Apocalipsis 9:13-21 (La sexta trompeta): Sugerencias para reflexionar y aplicar a nuestras vidas

G. K. Beale, Revelation: A Shorter Commentary (Eerdmans, 2015), pp. 197-198.

Apocalipsis 9:13-21.

Sobre la seriedad del engaño.  Estos versículos presentan un cuadro de criaturas feroces que representan a espíritus demoniacos que traen tormento a los no creyentes.  Un examen cuidadoso de este cuadro muestra que la manera real en que estas criaturas confrontan a la gente es a menudo mediante falsos maestros (dentro y fuera de la iglesia), que promueven la adoración de cualquier cosa excepto del Dios verdadero.  ¿Sería posible que por tener una interpretación literalista de Apocalipsis, en virtud de la cual esperamos ser confrontados por caballos sobrenaturales con colas de serpientes o por alguna fuerza militar letal moderna, estemos perdiéndonos de la realidad espiritual muy presente de estos seres en medio de nosotros?  ¿Qué tan seriamente tomamos la amenaza de la falsa enseñanza? ¿La vemos como un mero, aunque desagradable, fenómeno humano, o como algo impulsado por espíritus demoniacos?  ¿Cómo respondemos a tales amenazas?  ¿Acudimos sin desviación a la Palabra de Dios para protección, puesto que es la única fuente de verdad contra tales amenazas?  En otro lugar Juan dice, “sois fuertes, y la palabra de Dios permanece en vosotros, y habéis vencido al maligno” (1ª Juan 2:14); esto significa (en el contexto), que la fuerza para vencer las falsas enseñanzas del diablo proviene solamente de “la palabra de Dios.”

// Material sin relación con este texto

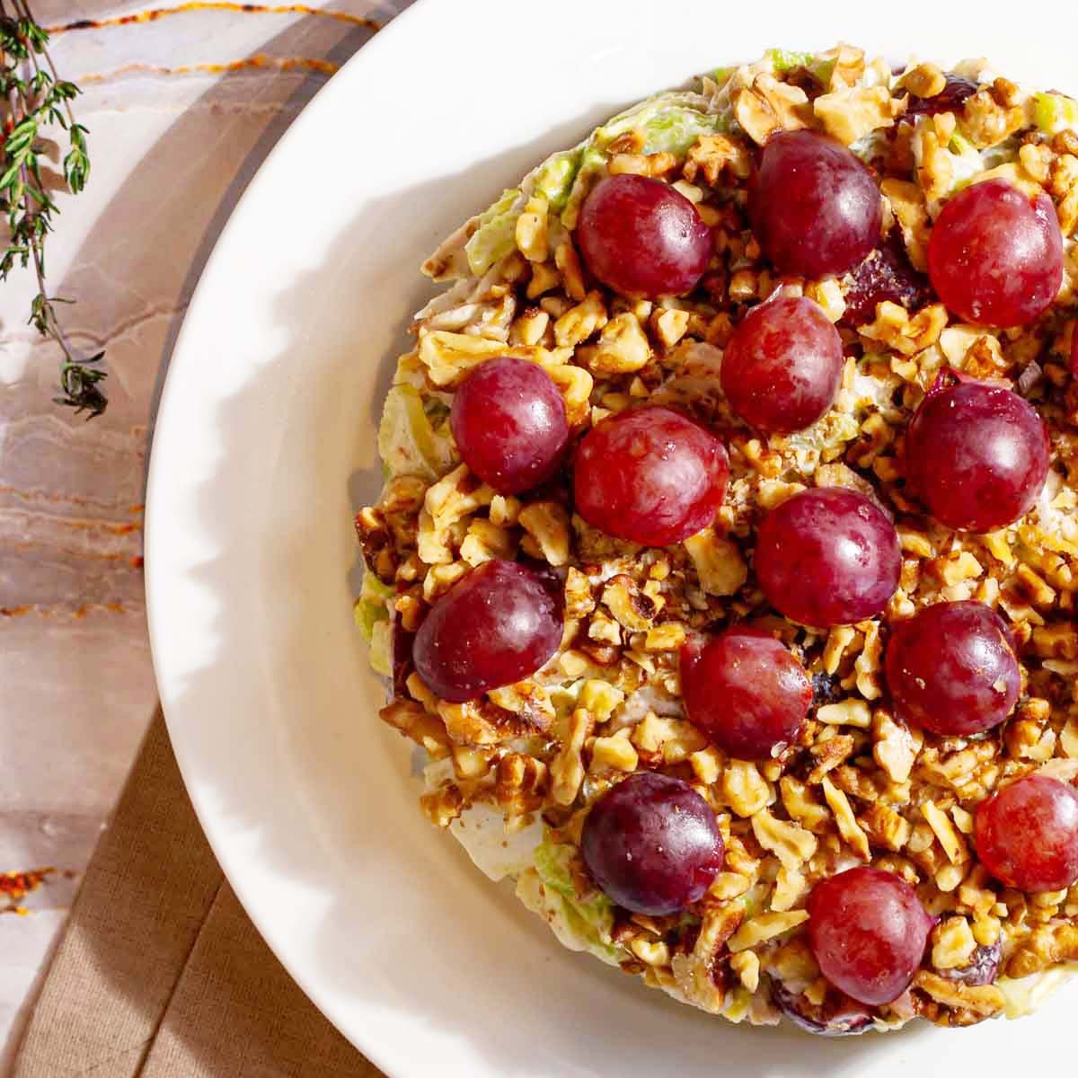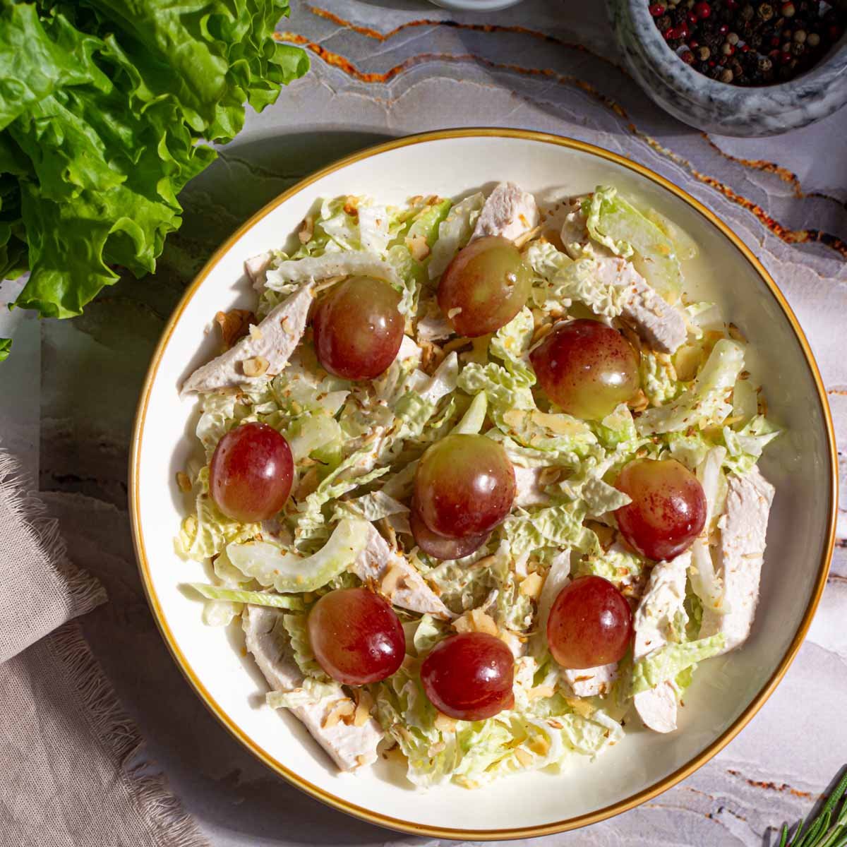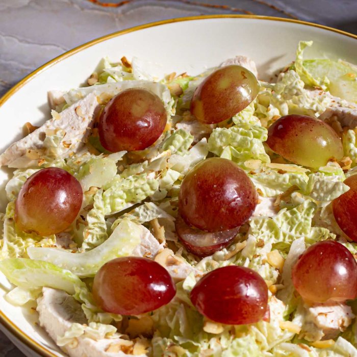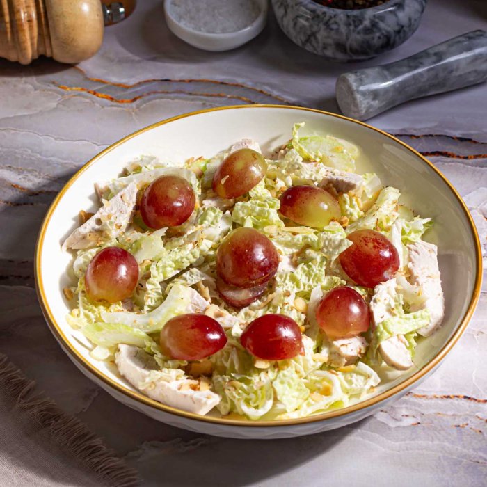 Филе куриной грудки, сельдерей стебель, капуста пекинская, виноград свежий, орехи грецкие, майонез, соль поваренная пищевая, перец черный молотый.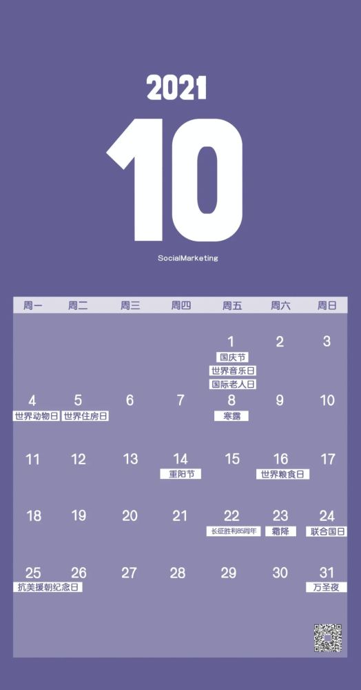 国庆节、国际音乐日、世界动物日、重阳节、世界粮食日、万圣夜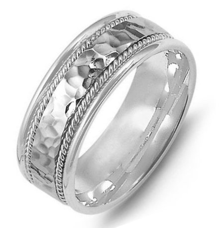 Palladium, comfort fit, 8.0mm wide, center hammered, hand made wedding band.
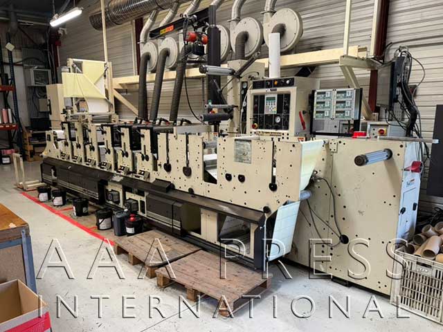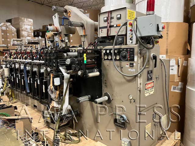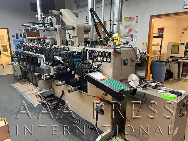 Width: 7.5", mhours: 14242, 1/8" Gearing, Automatic Throws / Constant Turn Anilox Rolls, 6 Quick Change Anilox Assemblies, Dr. Blade Assembly, 6 Webtron 4-Way Heads, 6 Webtron OBS, 2 Product Rewinds, 2 Waste Rewinds, 1 Unwind, 3 Die Stations, 4 Removable Base Rolls, 1 Sheeting Station, Underscoring Unit, 1 Laminator, 1 Hydraulic Edge Guide, 1 Turn-bar, 1 Stacker, 1 Single-Lamp UV Unit, 1 Strobe Light, Web Cleaning System, Cold Foil Stamping, Approx. 23 Ceramic Anilox Rolls, Approx. 275 Plate Cylinders. Includes Webtron hysteresis infeed tension control, Julie Quiet Machine II single sided non-contact web cleaner, advanced Graphics overhead plow-folder assy., WT-1 Plate cutter, Webtron 750 plate mounter, Sonic Solutions ultrasonic anilox cleaning system, & over 1,000 solid rotary dies. Low Hours - Great Condition!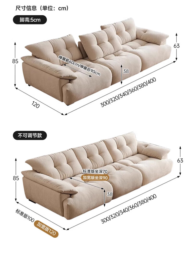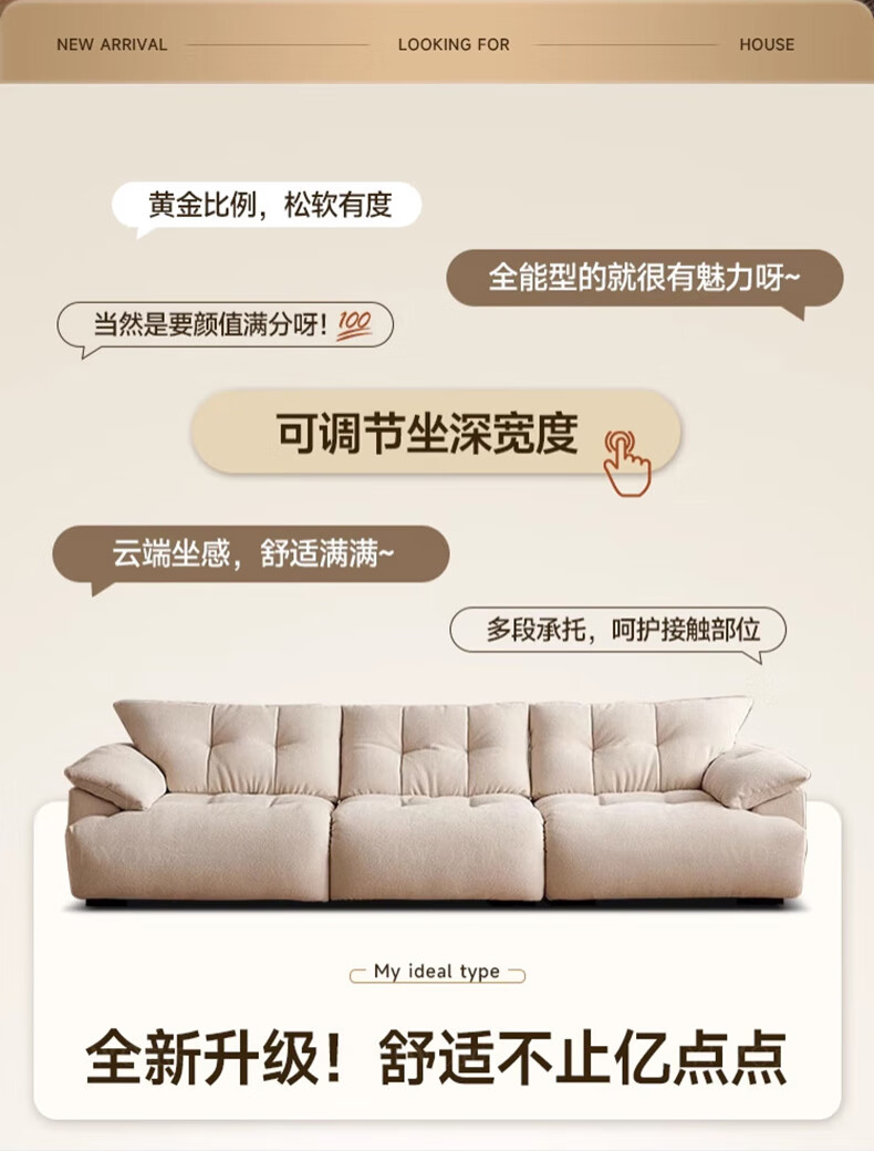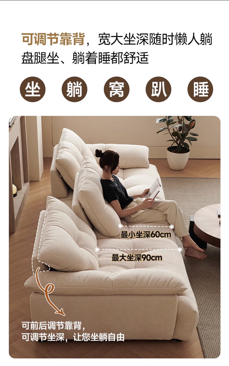 Gray National Subsidy Fabric Sofa Chenille Bud Sofa High Backrest Adjustable Seat Depth Removable and Washable Cloud Sofa Adjustable Seat Depth 3.0 Meters Large Five-Seater (Removable and Washable) Comfort Version Imported from Belgium Chenille Velvet - Latex + Sponge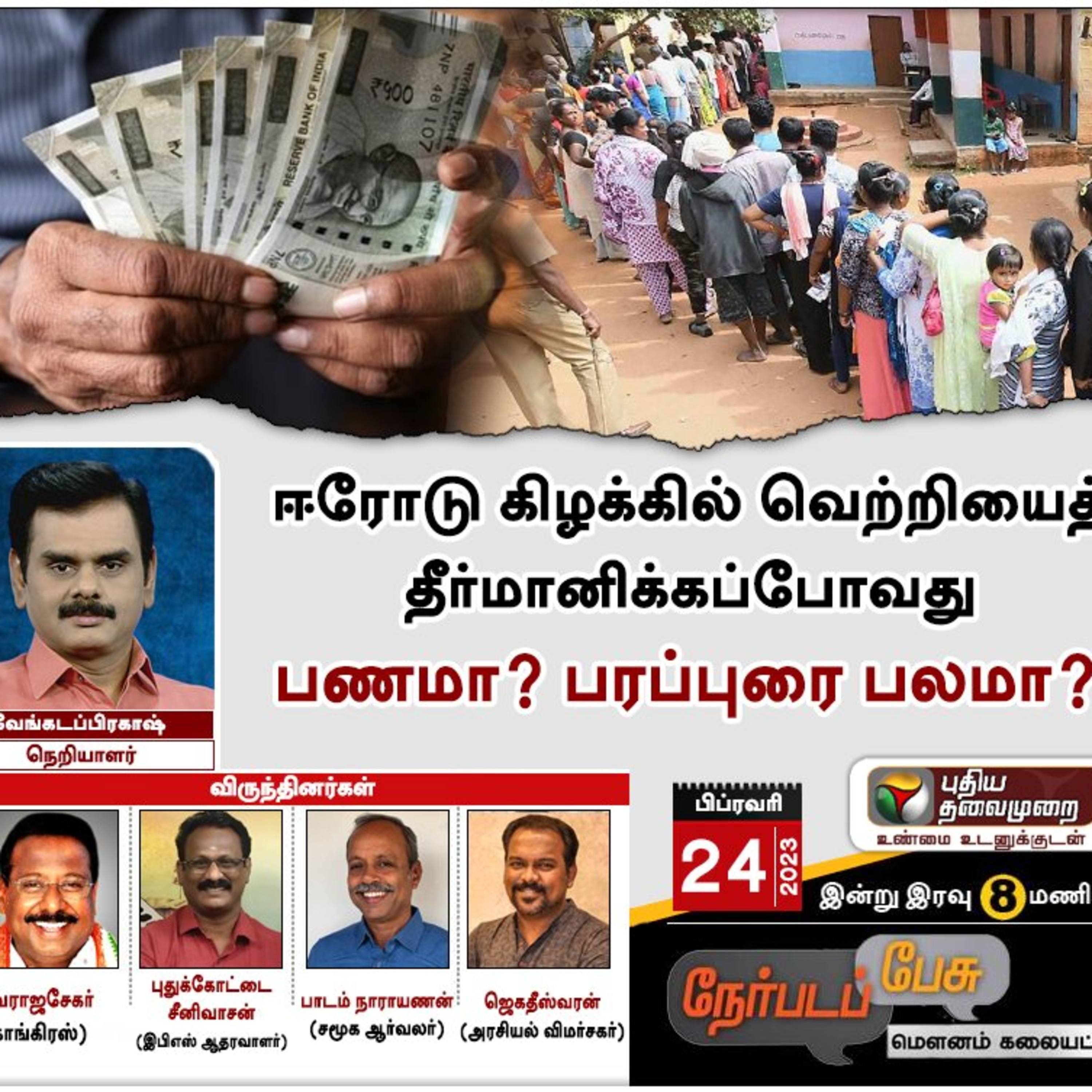 Nerpadapesu: ஈரோடு கிழக்கில் வெற்றியைத் தீர்மானிக்கப்போவது பணமா? பரப்புரை பலமா? | PTT (24.02.2023)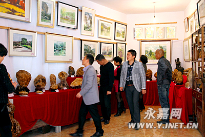 农博会上,除了农产品的展示,还有旅游产品的展示。楠溪奇石的展区颇具人气,爱石之人孙亭泉说:“这次沙头镇范围内的11名奇石爱好者以展销的形势联合参加,这里有110块奇石。”此外,该馆共同展销的还有永嘉美协的楠溪江画作。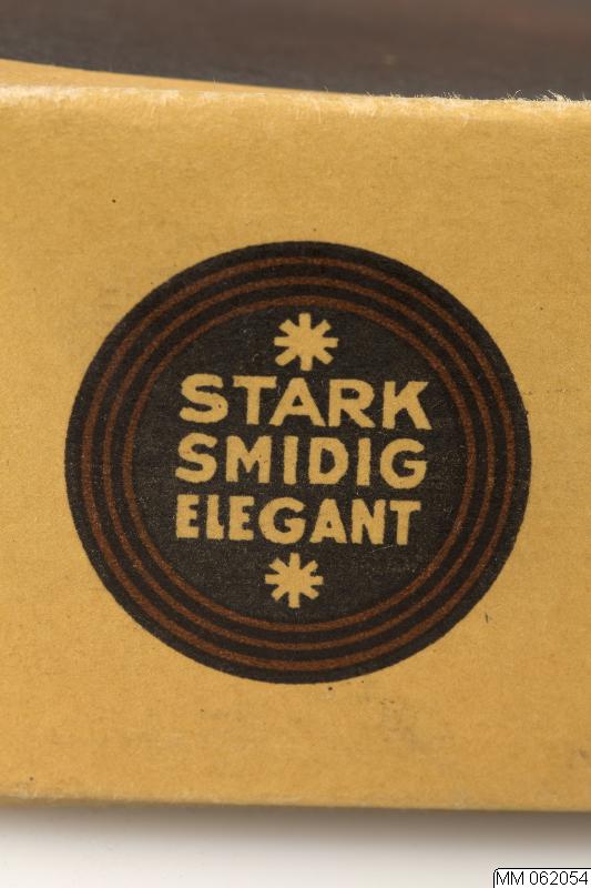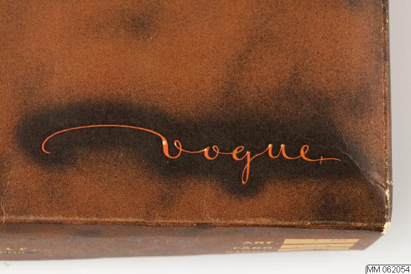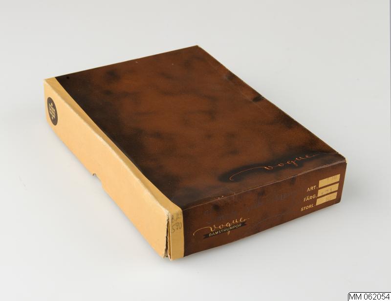 Ask av papp med brunfärgat lock för damstrumpor. På locket påtryck: vouge

Sobre la naturaleza de la idolatría.  Estos versículos presentan un cuadro de la idolatría mayormente en línea con el del Antiguo Testamento: la adoración de ídolos de oro, plata y otros materiales.  El contexto más amplio de Apocalipsis, que habla de la destrucción de todas las cosas creadas, muestra que estos materiales humanos representan cualquier cosa que no es Dios, es decir, la adoración de las criaturas en lugar del Creador [Romanos 1:25].  ¿Qué modalidades de idolatría existen en nuestra sociedad?  El oro no es malo en sí mismo, pero lo es si es adorado.  ¿Y qué tal los deportes, las carreras profesionales, las actividades recreativas, o la adquisición de dinero y posesiones materiales?  ¿Y qué de cosas claramente malas como la pornografía?  ¿Qué tan extensiva es la idolatría en nuestra experiencia?  ¿No será que parte del engaño es que hemos restringido la “idolatría” a la adoración de ídolos literales?  Cualquier cosa con la que estemos más comprometidos que con Dios es un ídolo, incluyendo el culto a nosotros mismos.

La nocividad de la idolatría.  Juan conecta aquí la idolatría con homicidios, hechicerías, inmoralidad y robos [9:21].  Si la observación del Antiguo Testamento ha de ser tomada seriamente, los idólatras se vuelven tan ciegos y mudos como lo que adoran [ver Salmo 115:4-8; 135:15-18; Isaías 44:9; Ezequiel 12:2].*  Entonces quedan anestesiados, en palabras del comentario, a todo lo que es bueno y a todo lo que es de Dios, a la vez que caen más y más profundamente en las garras de las fuerzas de las tinieblas, como Juan lo retrata tan vívidamente.  ¿Es así como la idolatría conduce a estas espantosas formas de pecado y rebelión?  ¿Cómo ha usado Satanás la idolatría para conducir a la gente más y más a las tinieblas?  ¿Existe un punto más allá del cual es imposible el arrepentimiento?  ¿Cómo podemos guardarnos contra si quiera comenzar con las prácticas idolátricas, puesto que sabemos a dónde conducen inevitablemente?


* Nota del traductor: Ver La “Ley de la racionalidad inversa” de Merold Westphal.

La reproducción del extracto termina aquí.